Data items
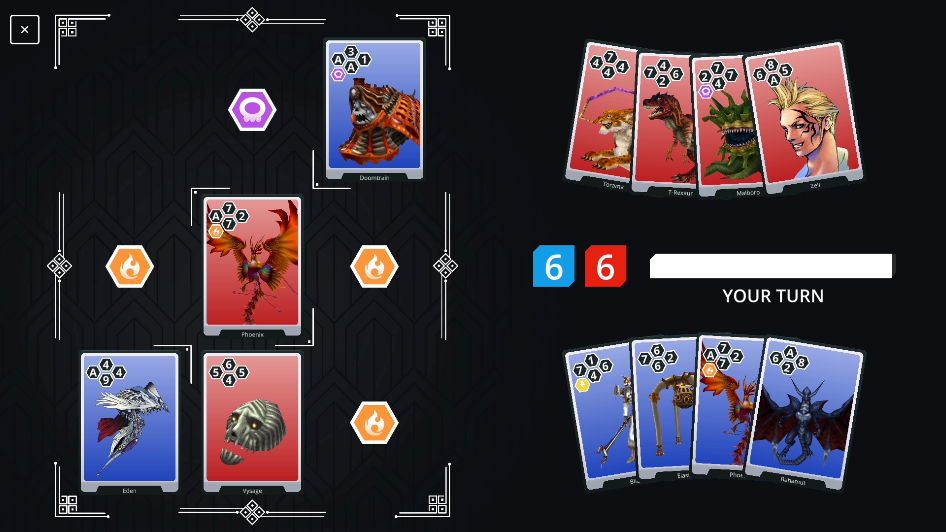 iframes are not supported by your browser. GENRE: Collectible Card Game PLATFORM: PC ENGINE: Unity 3D CONCEPT: Simple remake of the eponymous card game from Final Fantasy VIII and Final Fantasy XIV. The gameplay was elegant and simple enough to focus on the multiplayer functionalities, the card manipulations, and the implementation of an AI opponent
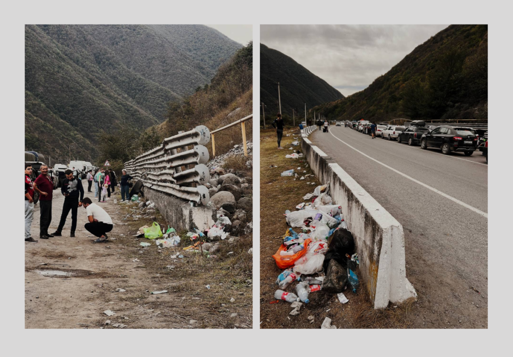 В нейтральной зоне тоже выстроилась длинная очередь. Сначала, по словам Антона, там был «хаос и беспорядок», но потом пограничники привлекли волонтёров. Те выстроили людей в небольшие шеренги и стали пропускать на КПП группами по 50 человек. Также они собирали пластиковые бутылки, наливали воду из ближайшего родника и раздавали желающим. «Ощущалось, что всё цивилизованнее, чем со стороны России», — говорит Антон.
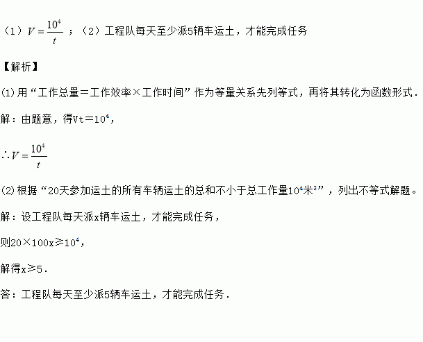 (2)该工程队共有10辆运输车,每辆车每天运土100米3,若工程必须在20天内完成任务,问:工程队每天至少派多少辆车运土,才能完成任务?
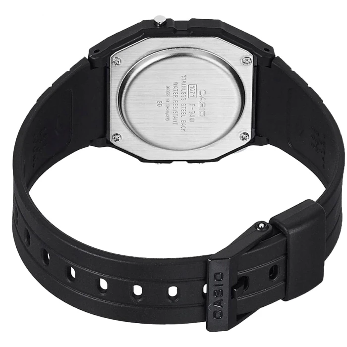 Wygodny pasek z tworzywa sztucznego w klasycznym czarnym kolorze zapewnia komfort noszenia przez cały dzień, a jego elastyczność sprawia, że zegarek doskonale dopasowuje się do nadgarstka. Konstrukcja zegarka została zaprojektowana z myślą o trwałości i wytrzymałości. Dzięki odporności na zachlapania, model F-94WA-8D świetnie sprawdza się w codziennym użytkowaniu, nie wymagając od Ciebie szczególnej ostrożności.
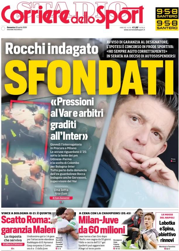 "Sfondati". Questo il titolo in prima pagina dell'edizione odierna del Corriere dello Sport. Il riferimento è al terremoto che ha colpito il mondo arbitrale con Rocchi indagato per frode sportiva. Il designatore degli arbitri, secondo il PM, avrebbe fatto pressioni al VAR e scelto arbitri che sarebbero stati "graditi" all'Inter.
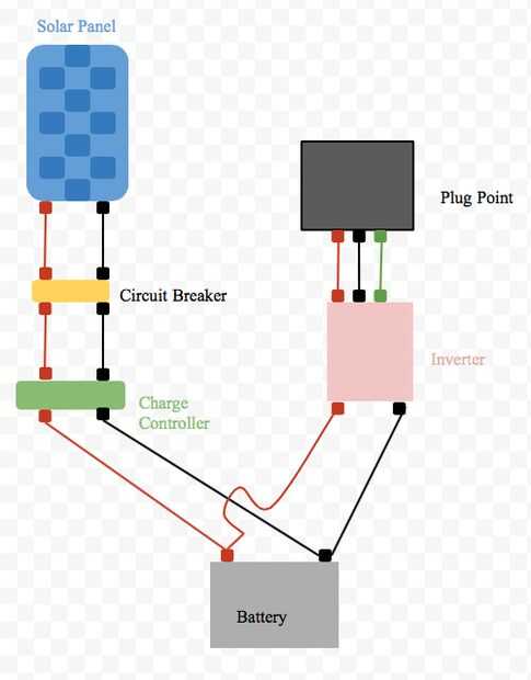 Siga los vínculos en el diagrama del circuito. Los hilos rojos son positivo, negro negativo. El cable rojo entre el inversor y el punto de conexión es en vivo, el negro es neutro y el verde es tierra o toma de tierra.
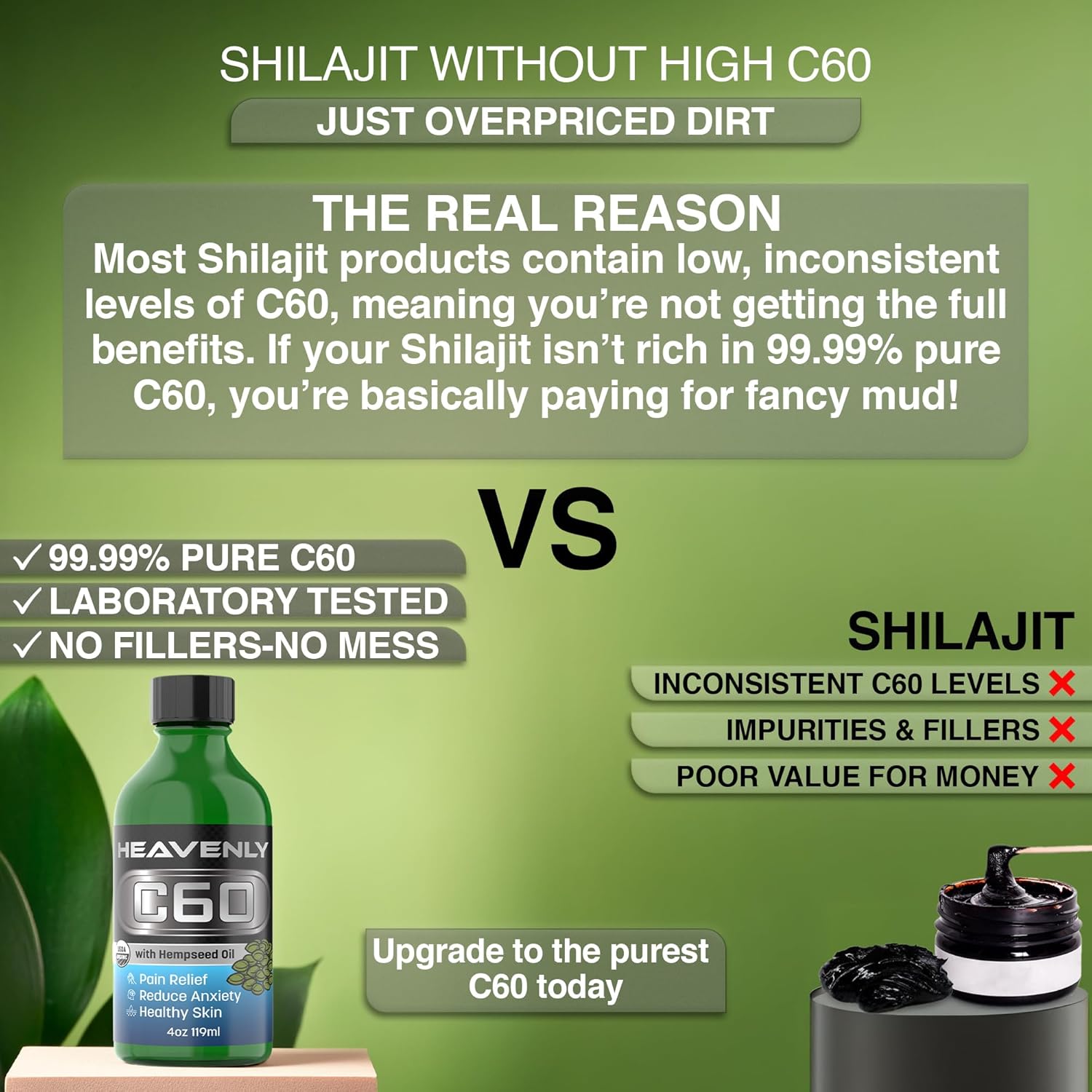 99.99% Pure Carbon 60 Formula: Experience the unparalleled purity of solvent-free carbon 60, carefully crafted to deliver premium quality in every drop of hemp seed oil organic
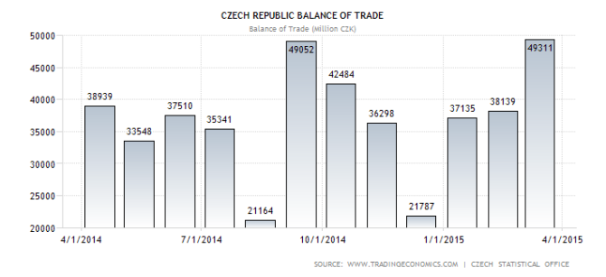 It’s interesting to note that the Koruna weakened to its low just two days before the surprise Swiss decoupling. The weakening appeared to result from the CNB emphatic deflation warning in early 2015. The Czech National Bank seemed willing to be patient, but the President of the Republic, Milos Zeman wasn’t. He publically stated his opinion that ‘the market was wrong’ and that he was willing to appoint central bankers who would remove the cap. The government pressure served only to create demand for the Koruna, driving it to all-time highs. By the end of March, Poland, Hungary and Romania were defending their own currencies, putting further pressure on the CNB. However, while the Czech National Bank and the Czech government were at loggerheads, economic growth began to accelerate. Q4 GDP measured 2.8% with inflation; up 0.2% in March. Growth was particularly strong in vehicles and machinery manufacturing. This would make sense since, as noted in the trade analysis above, the Czech manufacturing sector turns intermediate goods to finished product for re-export, particularly in the auto sector. Since a weaker Euro is designed to stimulate exports, the Czech economy is benefitting indirectly.

## Required work:
Write out every record above exactly as it stands, but leave out the pictures.

## Exercise output:
 iframes are not supported by your browser. GENRE: Collectible Card Game PLATFORM: PC ENGINE: Unity 3D CONCEPT: Simple remake of the eponymous card game from Final Fantasy VIII and Final Fantasy XIV. The gameplay was elegant and simple enough to focus on the multiplayer functionalities, the card manipulations, and the implementation of an AI opponent
 В нейтральной зоне тоже выстроилась длинная очередь. Сначала, по словам Антона, там был «хаос и беспорядок», но потом пограничники привлекли волонтёров. Те выстроили людей в небольшие шеренги и стали пропускать на КПП группами по 50 человек. Также они собирали пластиковые бутылки, наливали воду из ближайшего родника и раздавали желающим. «Ощущалось, что всё цивилизованнее, чем со стороны России», — говорит Антон.
 (2)该工程队共有10辆运输车,每辆车每天运土100米3,若工程必须在20天内完成任务,问:工程队每天至少派多少辆车运土,才能完成任务?
 Wygodny pasek z tworzywa sztucznego w klasycznym czarnym kolorze zapewnia komfort noszenia przez cały dzień, a jego elastyczność sprawia, że zegarek doskonale dopasowuje się do nadgarstka. Konstrukcja zegarka została zaprojektowana z myślą o trwałości i wytrzymałości. Dzięki odporności na zachlapania, model F-94WA-8D świetnie sprawdza się w codziennym użytkowaniu, nie wymagając od Ciebie szczególnej ostrożności.
 "Sfondati". Questo il titolo in prima pagina dell'edizione odierna del Corriere dello Sport. Il riferimento è al terremoto che ha colpito il mondo arbitrale con Rocchi indagato per frode sportiva. Il designatore degli arbitri, secondo il PM, avrebbe fatto pressioni al VAR e scelto arbitri che sarebbero stati "graditi" all'Inter.
 Siga los vínculos en el diagrama del circuito. Los hilos rojos son positivo, negro negativo. El cable rojo entre el inversor y el punto de conexión es en vivo, el negro es neutro y el verde es tierra o toma de tierra.
 99.99% Pure Carbon 60 Formula: Experience the unparalleled purity of solvent-free carbon 60, carefully crafted to deliver premium quality in every drop of hemp seed oil organic
 It’s interesting to note that the Koruna weakened to its low just two days before the surprise Swiss decoupling. The weakening appeared to result from the CNB emphatic deflation warning in early 2015. The Czech National Bank seemed willing to be patient, but the President of the Republic, Milos Zeman wasn’t. He publically stated his opinion that ‘the market was wrong’ and that he was willing to appoint central bankers who would remove the cap. The government pressure served only to create demand for the Koruna, driving it to all-time highs. By the end of March, Poland, Hungary and Romania were defending their own currencies, putting further pressure on the CNB. However, while the Czech National Bank and the Czech government were at loggerheads, economic growth began to accelerate. Q4 GDP measured 2.8% with inflation; up 0.2% in March. Growth was particularly strong in vehicles and machinery manufacturing. This would make sense since, as noted in the trade analysis above, the Czech manufacturing sector turns intermediate goods to finished product for re-export, particularly in the auto sector. Since a weaker Euro is designed to stimulate exports, the Czech economy is benefitting indirectly.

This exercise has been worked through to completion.